* _TASK DETAILS_
An exact restatement of the data below, with the pictures removed, is the required answer.

* _INPUT DATA_
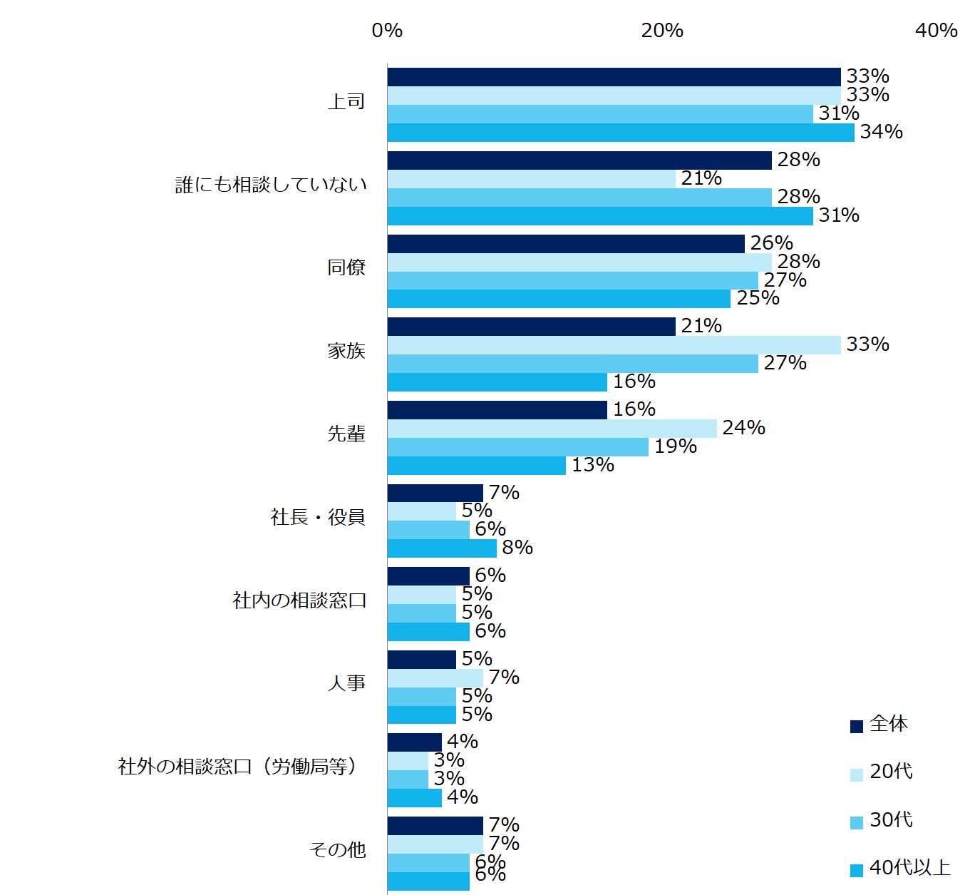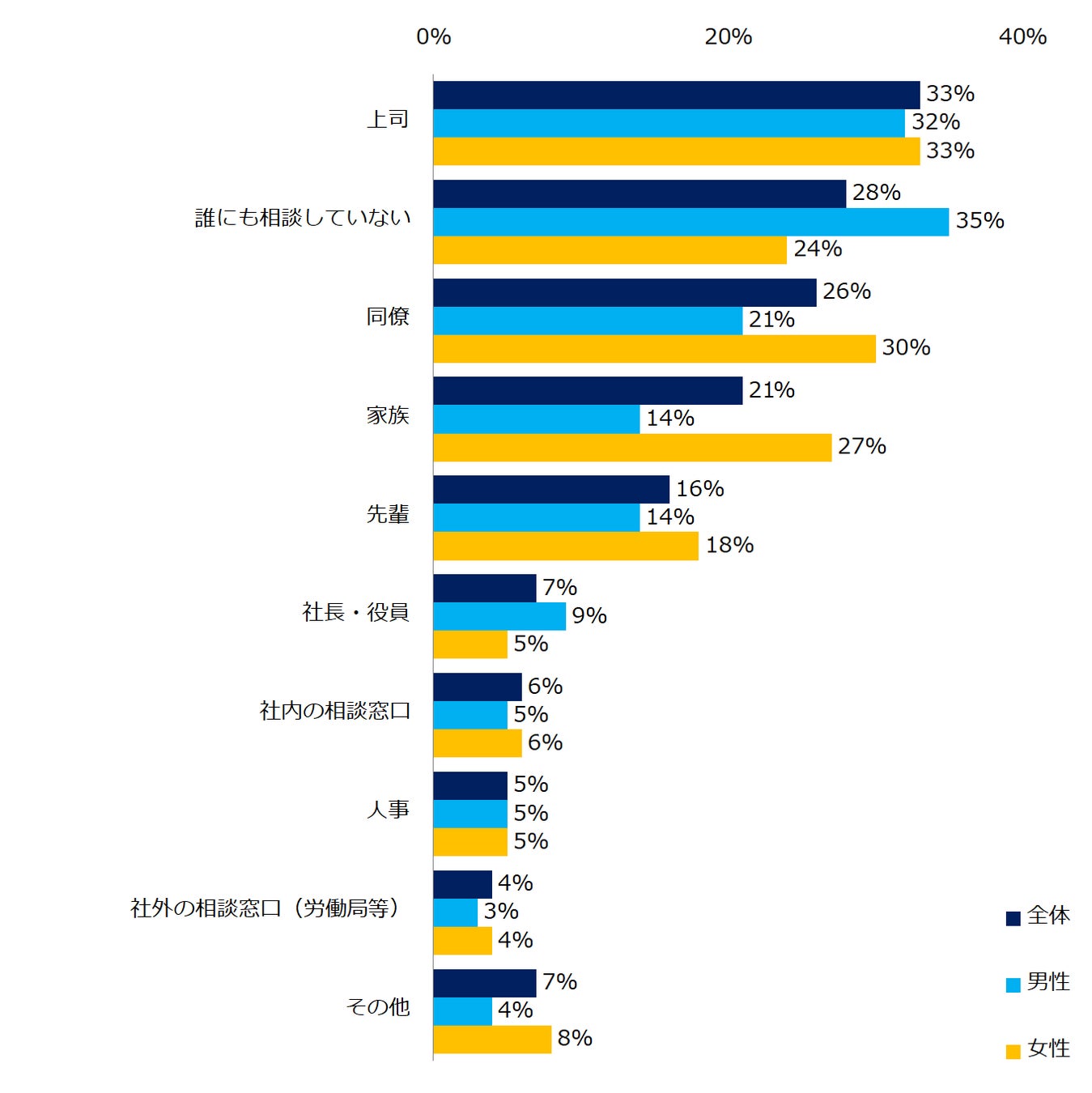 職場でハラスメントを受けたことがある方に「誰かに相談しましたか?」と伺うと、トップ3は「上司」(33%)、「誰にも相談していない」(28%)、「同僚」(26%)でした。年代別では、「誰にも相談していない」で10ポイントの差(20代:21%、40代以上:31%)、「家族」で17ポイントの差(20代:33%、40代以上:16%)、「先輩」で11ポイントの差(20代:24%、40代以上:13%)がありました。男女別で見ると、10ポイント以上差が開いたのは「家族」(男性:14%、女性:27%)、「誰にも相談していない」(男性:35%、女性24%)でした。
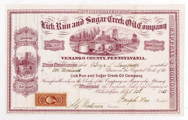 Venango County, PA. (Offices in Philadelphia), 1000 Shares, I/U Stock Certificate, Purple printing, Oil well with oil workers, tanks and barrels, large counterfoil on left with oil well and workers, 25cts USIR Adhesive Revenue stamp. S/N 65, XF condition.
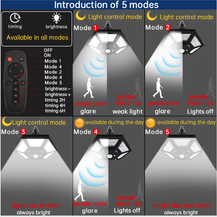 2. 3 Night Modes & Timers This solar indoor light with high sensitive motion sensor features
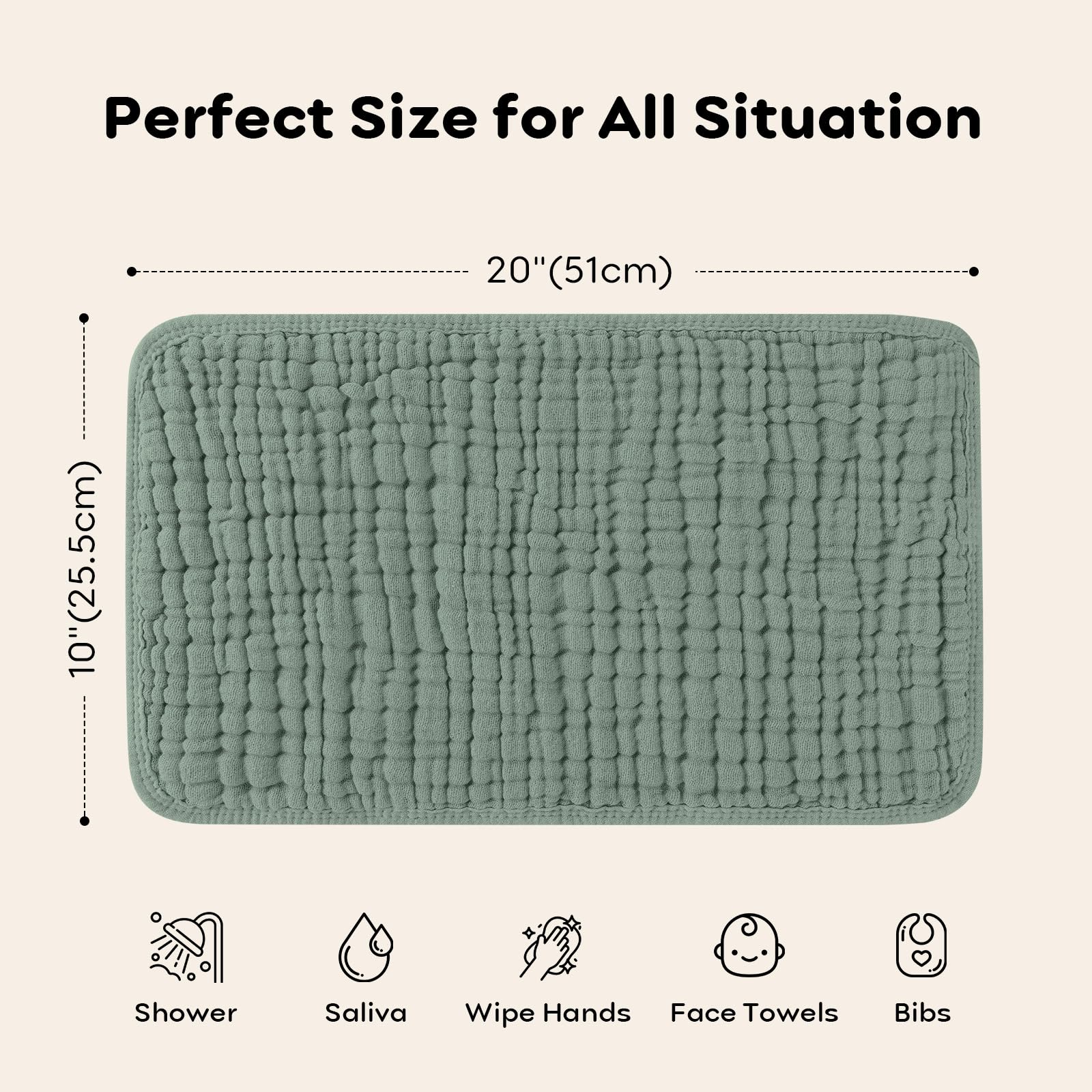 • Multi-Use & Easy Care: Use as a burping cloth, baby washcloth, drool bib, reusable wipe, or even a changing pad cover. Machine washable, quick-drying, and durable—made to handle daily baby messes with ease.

* _RESPONSE TO THE EXERCISE_
 職場でハラスメントを受けたことがある方に「誰かに相談しましたか?」と伺うと、トップ3は「上司」(33%)、「誰にも相談していない」(28%)、「同僚」(26%)でした。年代別では、「誰にも相談していない」で10ポイントの差(20代:21%、40代以上:31%)、「家族」で17ポイントの差(20代:33%、40代以上:16%)、「先輩」で11ポイントの差(20代:24%、40代以上:13%)がありました。男女別で見ると、10ポイント以上差が開いたのは「家族」(男性:14%、女性:27%)、「誰にも相談していない」(男性:35%、女性24%)でした。
 Venango County, PA. (Offices in Philadelphia), 1000 Shares, I/U Stock Certificate, Purple printing, Oil well with oil workers, tanks and barrels, large counterfoil on left with oil well and workers, 25cts USIR Adhesive Revenue stamp. S/N 65, XF condition.
 2. 3 Night Modes & Timers This solar indoor light with high sensitive motion sensor features
 • Multi-Use & Easy Care: Use as a burping cloth, baby washcloth, drool bib, reusable wipe, or even a changing pad cover. Machine washable, quick-drying, and durable—made to handle daily baby messes with ease.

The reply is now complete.